What can you never tell an orphan?
Go home to your parents.
This man walks into a bar and says, "How do I get service here?"
The assistant bar attendant tells him to take a seat as the bartender will be there to serve him shortly. After 2 minutes, the man says this is ridiculous, that he has to wait. The assistant then offers him a bar snack of free nuts, which the man duly eats. Another 2 minutes go by, and the man then says, "OK, I get it, no service of beer, but free nuts," to which the assistant says, "Hell no, the game starts in 10 minutes." Everyone laughs and claps.
If you ever get mad, just hit an orphan.
What are they gonna do, tell their parents?
What did the officer tell the lioness after she said she was a dog?
Oooooooooh girl, you lion!
Trump and two of his friends are stranded on an island with no internet connection and no way of getting home. As they frantically run around the island trying to get a signal so Trump can call his private helicopter to come and pick them up, Trump’s wig falls off and lands on a magical lamp, from which suddenly appears a genie. As Trump replaces his wig, the genie announces that he will grant each man one wish for freeing him.

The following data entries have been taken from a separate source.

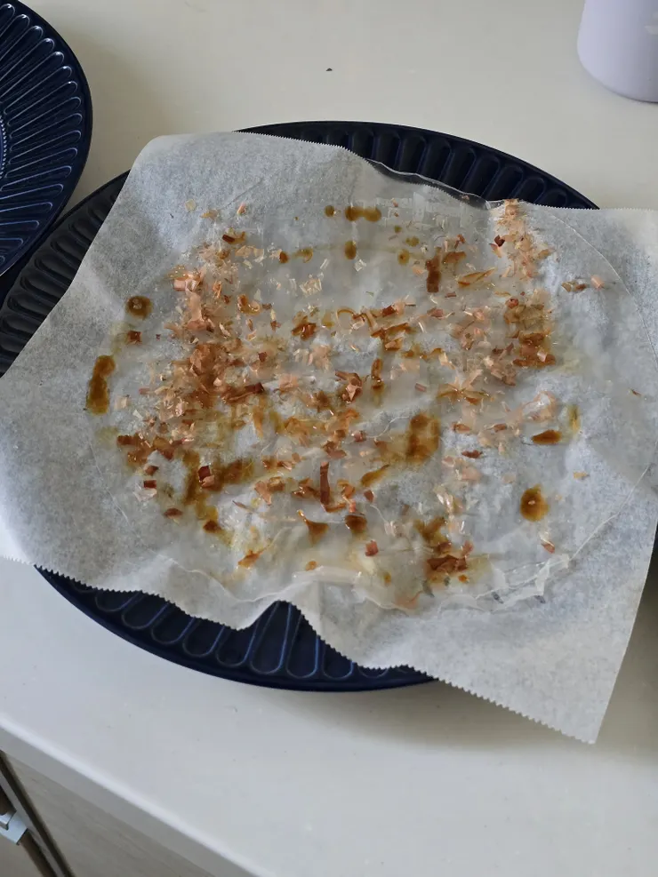 ②別の平たい皿にキッチンシートを引いた上に①をのせて、鰹節と醤油、青のりと塩などお好みの素材をライスペーパーにまぶす。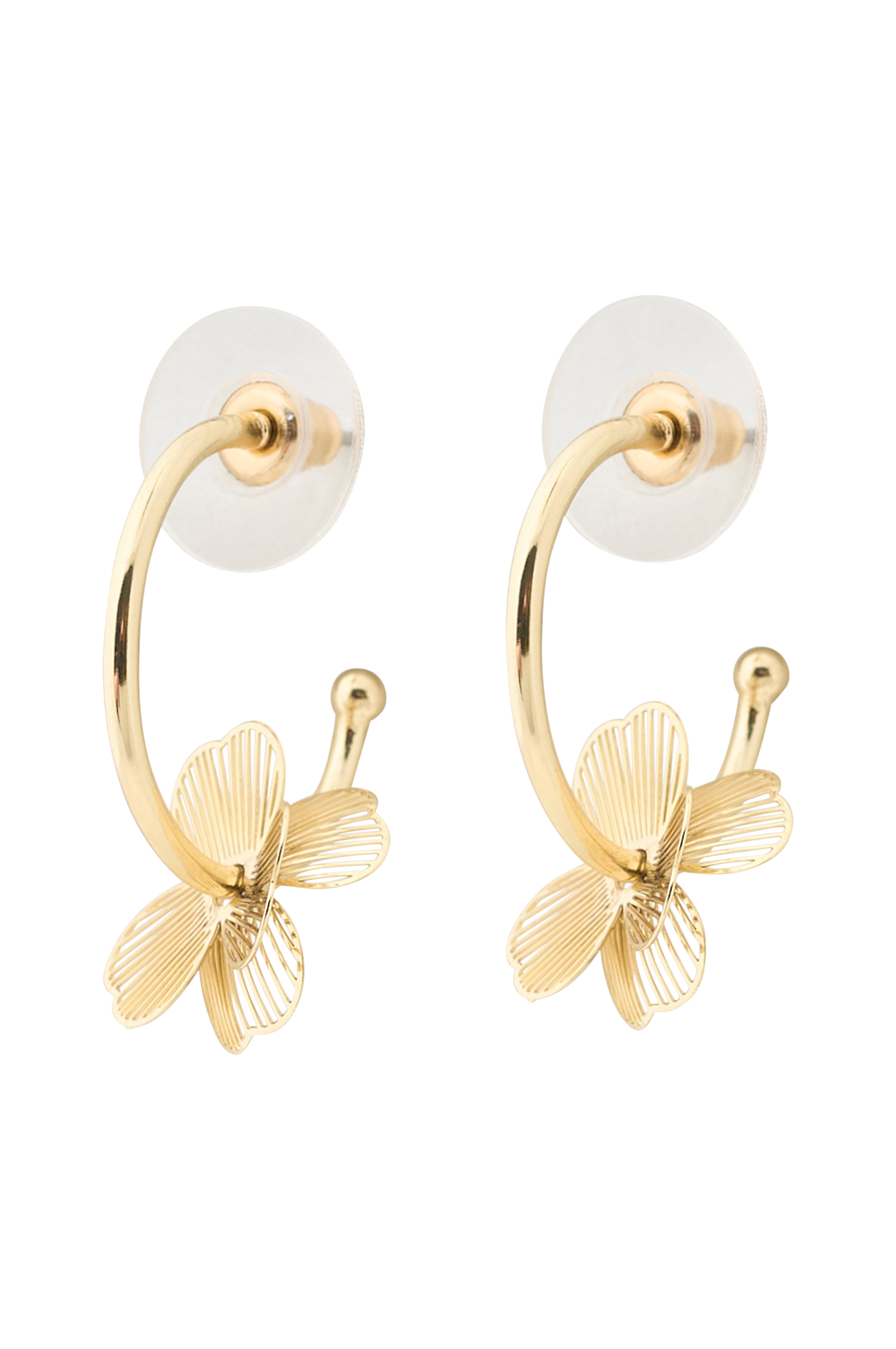 • Runde, belagte øreringer i messing• Dekorativ, hengte blomst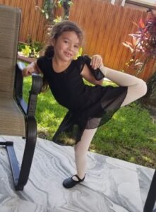 La mamá de una de las niñas de nuestra escuela de danza «D&V art center», nos envió unas fotos de su hija quien estaba emocionada dejando que su fantasía la llevara de la mano mientras realizaba ejercicios de Ballet en su casa. Es difícil saber con exactitud lo que sucede, a cada momento, en la imaginación de un niño o una niña. De lo que si podemos darnos cuenta es que esta niña, que apenas comenzaba a tomar clases de danza, ya se veía, a sí misma, como una bailarina profesional ejecutando los más complicados pasos de Ballet.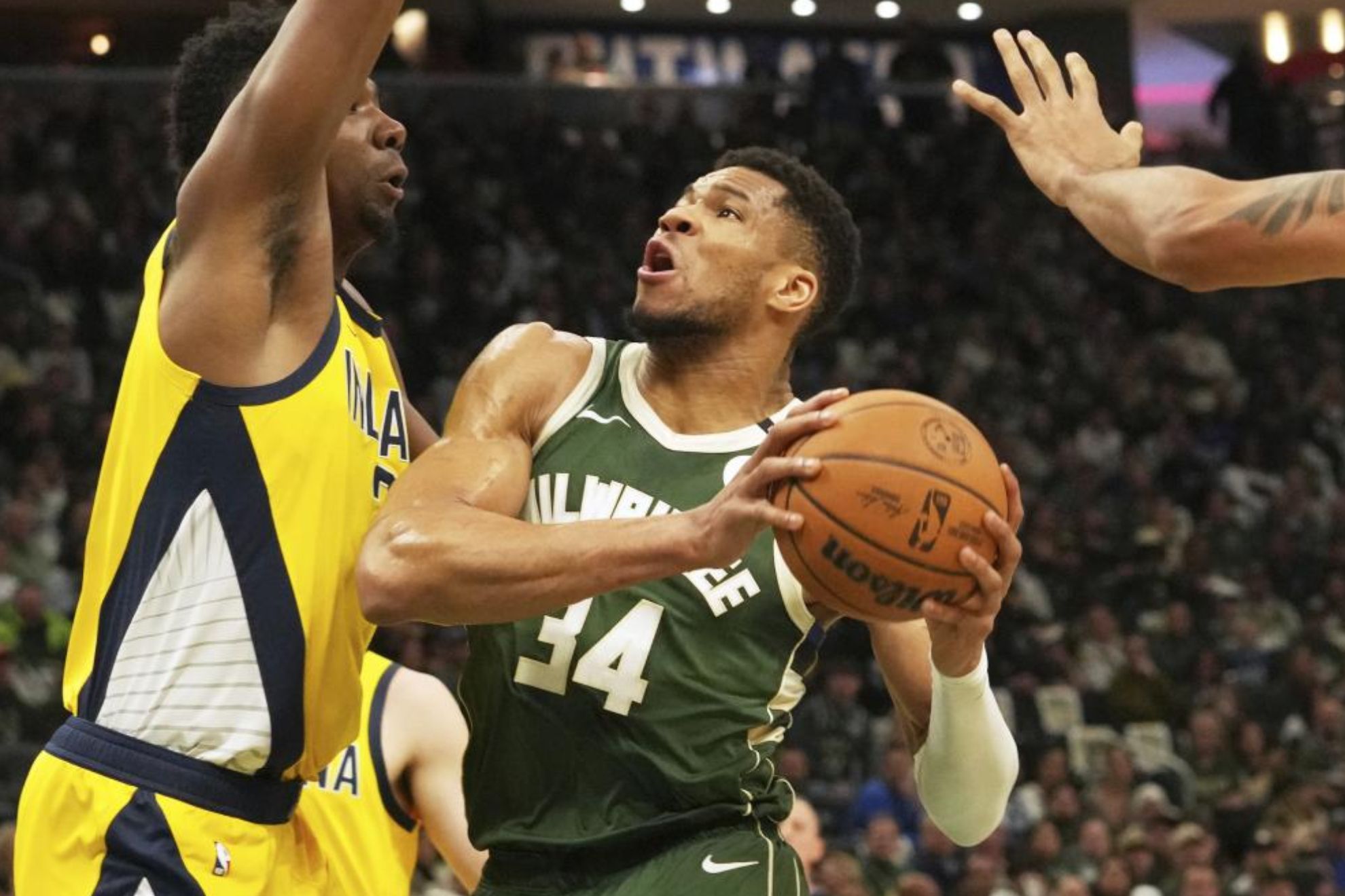 Giannis Antetokounmpo y Gary Trent Jr. brillaron este viernes con 37 puntos cada uno para que los Milwaukee Bucks doblegaran por 117-101 a los Indiana Pacers y colocaran el 1-2 en esta serie de primera ronda del Este.Milwaukee acogerá también el cuarto partido este domingo.Antetokounmpo se lució con 37 puntos y un excelente 14 de 19 en tiros de campo y un 9 de 10 desde la línea de personal. El gigante griego se acercó además al triple-doble con 12 rebotes y 6 asistencias.Los Bucks se vieron lastrados por un Damian Lillard desacertado (7 puntos con 2 de 12 en tiros) pero a cambio disfrutaron de un recital de Trent Jr., que deslumbró con 37 puntos (11 de 16 en tiros con un impresionante 9 de 12 en triples).Después de sufrir dos derrotas seguidas en Indiana ante los Pacers (cuartos del Este), los Bucks (quintos), que llegaron a perder esta noche por 12 en el segundo cuarto, respondieron con un contundente 39-18 en el tercer capítulo que les puso ya en camino de un triunfo muy necesario para los de Doc Rivers.Gary Trent Jr. entre Pascal Siakam y Andrew Nembhard.LAPRESSE.En los Pacers, Pascal Siakam fue el máximo anotador con 28 puntos (12 de 19) mientras que Tyrese Haliburton se quedó en 14 puntos (5 de 11), 7 rebotes y 10 asistencias. Indiana sufrió desde el perímetro con un 13 de 41 en triples (31,7 %).

The men stop to confer. The first one says he will wish for a plane to rescue him, the second wishes for a boat to rescue him and they tell Trump to wish for a helicopter to rescue him. Trump, being Trump, nods and says yes, but he wasn’t really listening. Then they approach the genie. The first one of Trump’s friends wishes for a plane to rescue him, as agreed. The second one of Trump’s friends wishes for a boat to rescue him, as agreed. Then Trump is left all alone, but instead of wishing for a helicopter to rescue him, as agreed, he says, “Aww, I’m lonely now. I wish both my friends were here with me!”